What lands on the table
Montilla’s cooks treat wine like stock. The salmorejo—thicker than gazpacho, the colour of sun-dried tomatoes—gets a glug of young fino for acidity. Pork cheeks stew for three hours in Amontillado until the sauce tastes of chestnuts and tobacco. Even dessert joins in: a shot of treacly Pedro Ximénez is tipped over vanilla ice-cream so cheap it feels like a student hack, yet restaurants charge €4 and no one complains. Vegetarians survive on spinach-and-pine-nut empanadillas and the local goat’s cheese, cured in olive wagyu fat. If you need something familiar, the flamenquín is essentially a Córdoban cordon-bleu—ham rolled in pork, breadcrumbed, fried—perfect for children who think olives are suspicious.
Monday is the enemy
Plan mid-week. On Mondays the town rolls down its shutters: wineries hose out the presses, restaurants serve a limited menú del día, and the museum in the Casa del Inca locks up. Tuesday to Friday you can string together three bodegas, lunch on the terrace of Casa Paco (order the rabo de toro, €12) and still have time for a siesta before the 7 p.m. church bells. Saturdays add market stalls around the square—wicker baskets of cracked olives, net bags of dried oregano—but also bring hen-party groups from Córdoba; nothing riotous, just harder to nab a table without reserving.

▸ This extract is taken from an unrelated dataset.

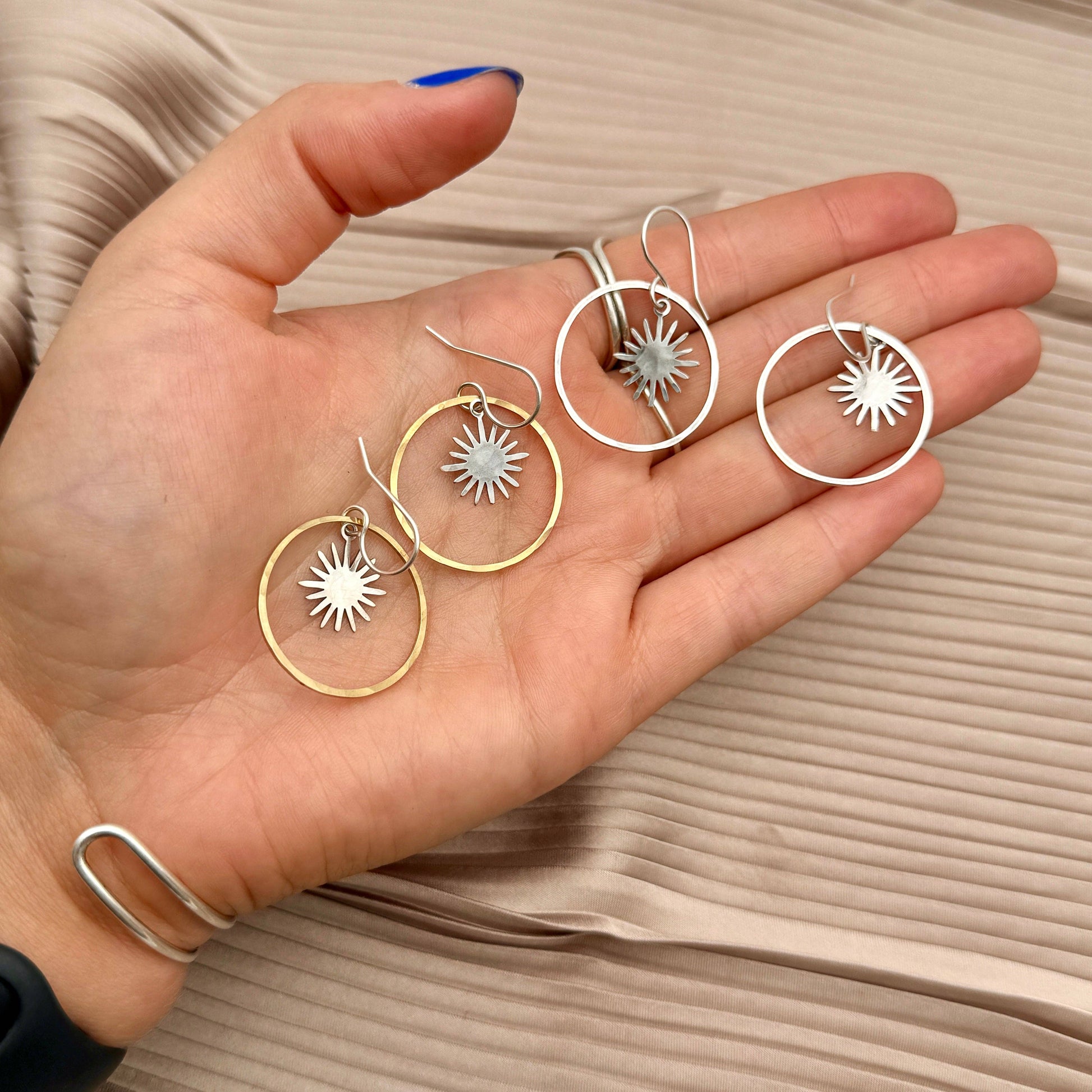 Gold or silver hoop and star pendants that hang from handmade sterling silver ear wire.

Getting here without the hairpins
Fly into Málaga, not Granada. The A-45 is dual-carriageway all the way to Córdoba; exit at Montilla and you’re in town 75 minutes after touchdown. Car hire is worth it: the vineyards scatter 5–10 minutes out, taxis cost €6 a hop and Uber doesn’t exist. If you must use public transport, the ALSA coach from Córdoba takes 55 minutes and costs €4.95, but the last return leaves at 20:30—fine for lunch, tight for an evening tasting.
Stay, or just graze?
There are no chain hotels. Hospedería Los Callejones occupies a 1730 townhouse with beams you’ll bang your head on if you’re over six foot; doubles from €70 including garage parking (essential in July when asphalt melts). Alternatively, base yourself in Córdoba and visit on a day trip; the 40-minute drive means you can still catch the cathedral’s last entry at 19:30. Overnight visitors are rewarded with night-time silence thick enough to hear the vines growing—almost.
When to come, when to stay away
Spring brings wild fennel along the verges and temperatures perfect for walking the 7 km “Ruta de la Viña” before lunch. September is harvest: foam crowns the open lagares and the air tastes like grape must, but bodegas close to casual visitors during the rush. August is simply too hot—34 °C at midnight—and December can be surprisingly sharp; morning mist clings to the vine rows and the castle ruin feels like a scene from El Cid filmed on a budget.
The honest aftertaste
Montilla will not change your life. It offers no Alhambra moment, no Instagram infinity pool. What it does give is the chance to taste a wine style in its natural habitat, surrounded by people who still find it remarkable that foreigners turn up at all. Drink responsibly, remember the siesta hours, and bring a spare tote bag for the half-bottle of 15-year-old PX you’ll inevitably buy because the bodeguero insists it will survive the Ryanair cabin. One warning: back home every supermarket Amontillado will taste like watered treacle. Consider yourself ruined.